Keep dangerous items in areas that your pet cannot reach, even if means adapting child-proof locks on your cabinets.

A dog has a "superhuman" sense of smell and uses it to see their world. Many dogs show an avid interest in kitchen garbage, and who could blame them? It's full of enticing food scraps along with plenty of bacteria and toxin-producing molds from spoiled foods.

Wastepaper baskets in your bathroom can also draw attention to your curious canine and often contain hazards like razor blades, dental floss, and expired medications.

Many indoor and outdoor plants can make your dog very sick. Check the ASPCA website (aspca.org) to find out which plants can be toxic.

Remove dangerous food that will make your dog ill from low counters or tables. Many types of "people food" can be deadly to your pet. Onions, grapes, and chocolate are just a few poisonous foods that can potentially harm your dog.

Look around your home for items that could be a choking hazard. Anything small enough for your pup to chew up and swallow like shoelaces, socks, children's toys and sewing supplies.

One of the best things you can do for your pet is to give him time outdoors. But before he heads out to play in your fenced yard, however, you should make sure that it, too, is a safe place for your four-legged companion.

Make sure your fence structure is secure by checking for loose areas around it that your dog could sneak through, or get hurt by jagged edges.

It is very important to keep an eye on your pet when he spends time outdoors. Certain breeds are known for digging under or climbing over fences. No matter what type of fence you use, make sure that your pet always has some form of identification in case he does get out of the yard. Look around the yard for anything that might entice your furry pal. If your dog is a "chewer," be sure to keep your garden hose out of the way. Check for harmful plants. Depending on the season, keep your dog warm or cool enough when outside.

If your dog has access to the garage, make sure any dangerous equipment is put away safely. Don't let your pet come in contact with hazardous chemicals such as insecticides or antifreeze. Keep these kinds of materials locked up in storage areas.

You've carefully removed any dangerous items and your home and yard are doggie-proofed. But now your canine friend has decided to chew the sofa cushion or the wooden chair leg instead of getting into the garbage. Boredom and separation anxiety can lead to destructive behavior.

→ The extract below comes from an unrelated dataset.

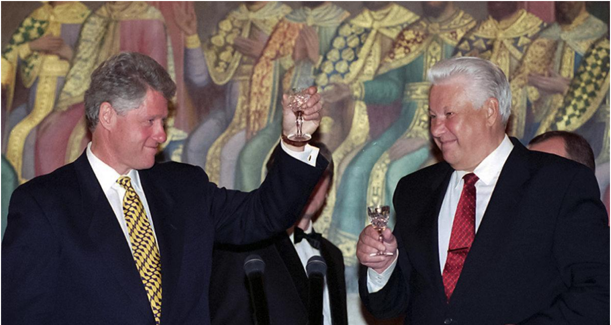
El presidente Clinton y el presidente Yeltsin brindan en la cena de estado, Hall of Facets, The Kremlin, Moscú, mayo de 1995

El presidente ruso hizo creer que la Asociación para la Paz era una alternativa a la OTAN ampliada. Los documentos muestran una temprana oposición rusa a la "neocontención"; más garantías estadounidenses a Rusia: "inclusión, no exclusión" en las nuevas estructuras de seguridad europeas

This is especially true when you're gone and your pooch is home alone.

By taking a holistic approach to dog- and puppy-proofing your home, you not only remove dangerous items from his environment, but also satisfy his natural urges for play, exercise, and socialization.

Make sure your dog gets enough exercise before and after you return home.

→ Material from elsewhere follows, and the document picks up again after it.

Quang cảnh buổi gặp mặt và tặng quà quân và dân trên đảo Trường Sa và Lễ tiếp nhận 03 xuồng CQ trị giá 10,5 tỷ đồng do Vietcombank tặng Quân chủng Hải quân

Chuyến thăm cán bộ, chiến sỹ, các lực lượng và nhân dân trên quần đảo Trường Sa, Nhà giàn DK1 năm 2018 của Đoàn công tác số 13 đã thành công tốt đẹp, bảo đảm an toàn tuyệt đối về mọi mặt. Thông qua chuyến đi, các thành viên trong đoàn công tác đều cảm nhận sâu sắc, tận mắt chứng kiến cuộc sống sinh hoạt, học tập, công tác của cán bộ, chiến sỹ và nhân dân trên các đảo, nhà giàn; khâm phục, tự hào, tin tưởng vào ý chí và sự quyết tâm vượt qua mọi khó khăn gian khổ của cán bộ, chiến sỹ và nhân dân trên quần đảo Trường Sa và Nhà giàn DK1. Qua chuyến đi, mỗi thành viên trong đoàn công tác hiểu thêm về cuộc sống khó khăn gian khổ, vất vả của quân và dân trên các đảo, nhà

Leave his favorite toys and chew sticks in different areas of the house. These will be surprise finds for your dog when he decides to start exploring and looking for things to destroy.

While you're away, leave the television or radio on to re-create household noise.

Limit access to certain rooms when you're gone. Close the door to your office, bedroom, and bathroom. Keep your pup in the kitchen if you have to by using a baby gate or crate that is large enough for your dog to stand up in.

Consider installing a secure outdoor dog run that includes comfortable shelters.

Dogs are social pack animals and because of that, they can feel isolated, stressed, and lonely if left for long periods of time. Have a friend or dog-walker stop by, come home at lunch, or enroll your furry friend in doggie day care. This way you can feel a little more secure, knowing that your dog is in a safe setting while you're away.

Dogs love to greet you, no matter if you've been gone for one hour or five. Playing with your dog is great stress relief for you and your pet, whether you are throwing a ball, pulling on a toy, teaching him to jump into your arms or simply playing chase.